DATA UNDER STUDY:
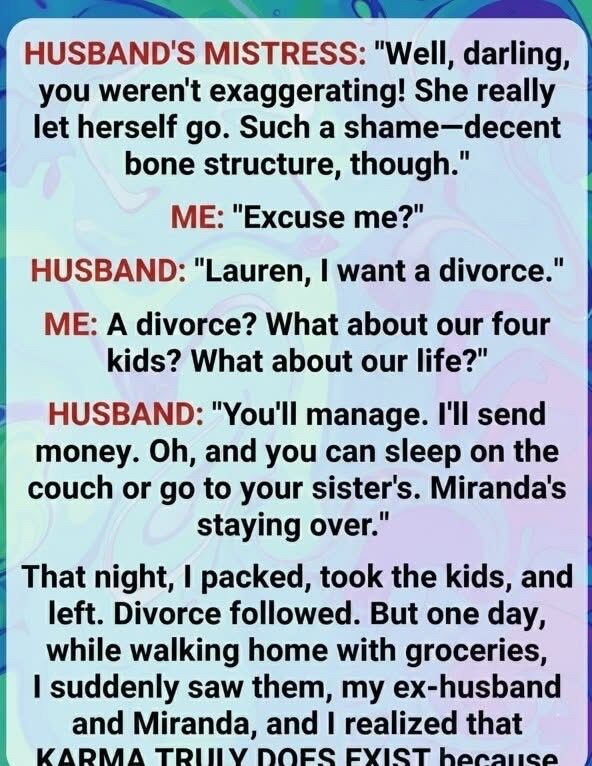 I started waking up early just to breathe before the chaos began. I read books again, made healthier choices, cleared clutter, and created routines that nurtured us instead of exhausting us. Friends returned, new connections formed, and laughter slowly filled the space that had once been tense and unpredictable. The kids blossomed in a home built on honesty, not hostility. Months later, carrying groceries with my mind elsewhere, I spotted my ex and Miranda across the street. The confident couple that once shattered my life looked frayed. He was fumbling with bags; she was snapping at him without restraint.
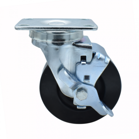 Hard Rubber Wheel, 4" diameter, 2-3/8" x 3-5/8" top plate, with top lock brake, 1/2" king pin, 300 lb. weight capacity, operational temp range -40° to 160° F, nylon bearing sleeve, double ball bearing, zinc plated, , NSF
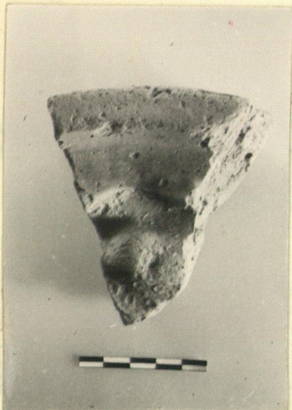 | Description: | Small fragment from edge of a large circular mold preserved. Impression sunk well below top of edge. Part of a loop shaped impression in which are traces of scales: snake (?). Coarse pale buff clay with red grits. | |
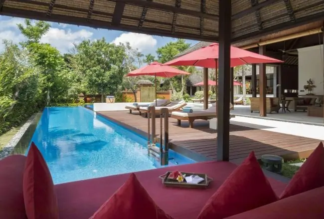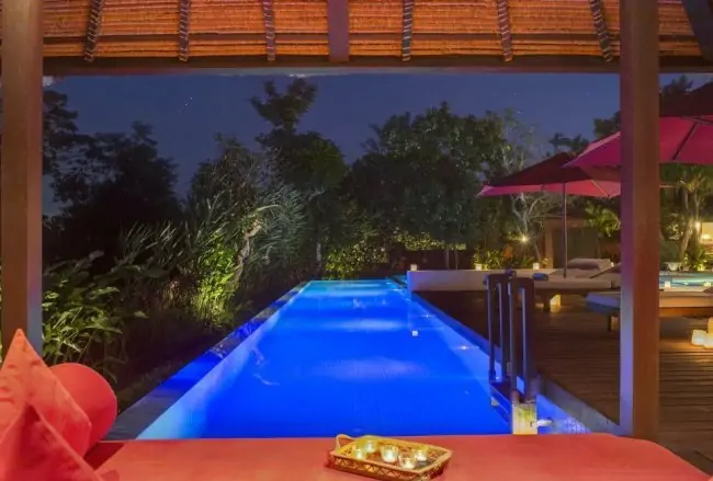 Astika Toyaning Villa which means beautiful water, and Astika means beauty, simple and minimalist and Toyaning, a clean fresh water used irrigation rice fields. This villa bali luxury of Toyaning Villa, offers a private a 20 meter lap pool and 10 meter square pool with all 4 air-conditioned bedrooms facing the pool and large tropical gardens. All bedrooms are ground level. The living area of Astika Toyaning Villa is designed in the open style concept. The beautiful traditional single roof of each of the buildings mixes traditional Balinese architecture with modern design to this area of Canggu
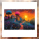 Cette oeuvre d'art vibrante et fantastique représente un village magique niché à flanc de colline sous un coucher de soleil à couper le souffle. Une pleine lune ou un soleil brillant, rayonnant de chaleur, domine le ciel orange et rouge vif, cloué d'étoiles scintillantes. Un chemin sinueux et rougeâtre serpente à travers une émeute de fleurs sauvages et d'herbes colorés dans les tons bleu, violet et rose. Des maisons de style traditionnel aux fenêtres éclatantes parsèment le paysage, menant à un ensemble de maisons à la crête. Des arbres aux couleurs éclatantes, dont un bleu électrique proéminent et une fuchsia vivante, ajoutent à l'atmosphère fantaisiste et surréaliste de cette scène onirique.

EXERCISE INSTRUCTIONS:
Copy each of the entries above precisely, and drop whatever pictures they hold.

PROBLEM SOLUTION:
 I started waking up early just to breathe before the chaos began. I read books again, made healthier choices, cleared clutter, and created routines that nurtured us instead of exhausting us. Friends returned, new connections formed, and laughter slowly filled the space that had once been tense and unpredictable. The kids blossomed in a home built on honesty, not hostility. Months later, carrying groceries with my mind elsewhere, I spotted my ex and Miranda across the street. The confident couple that once shattered my life looked frayed. He was fumbling with bags; she was snapping at him without restraint.
 Hard Rubber Wheel, 4" diameter, 2-3/8" x 3-5/8" top plate, with top lock brake, 1/2" king pin, 300 lb. weight capacity, operational temp range -40° to 160° F, nylon bearing sleeve, double ball bearing, zinc plated, , NSF
 | Description: | Small fragment from edge of a large circular mold preserved. Impression sunk well below top of edge. Part of a loop shaped impression in which are traces of scales: snake (?). Coarse pale buff clay with red grits. | |
 Astika Toyaning Villa which means beautiful water, and Astika means beauty, simple and minimalist and Toyaning, a clean fresh water used irrigation rice fields. This villa bali luxury of Toyaning Villa, offers a private a 20 meter lap pool and 10 meter square pool with all 4 air-conditioned bedrooms facing the pool and large tropical gardens. All bedrooms are ground level. The living area of Astika Toyaning Villa is designed in the open style concept. The beautiful traditional single roof of each of the buildings mixes traditional Balinese architecture with modern design to this area of Canggu
 Cette oeuvre d'art vibrante et fantastique représente un village magique niché à flanc de colline sous un coucher de soleil à couper le souffle. Une pleine lune ou un soleil brillant, rayonnant de chaleur, domine le ciel orange et rouge vif, cloué d'étoiles scintillantes. Un chemin sinueux et rougeâtre serpente à travers une émeute de fleurs sauvages et d'herbes colorés dans les tons bleu, violet et rose. Des maisons de style traditionnel aux fenêtres éclatantes parsèment le paysage, menant à un ensemble de maisons à la crête. Des arbres aux couleurs éclatantes, dont un bleu électrique proéminent et une fuchsia vivante, ajoutent à l'atmosphère fantaisiste et surréaliste de cette scène onirique.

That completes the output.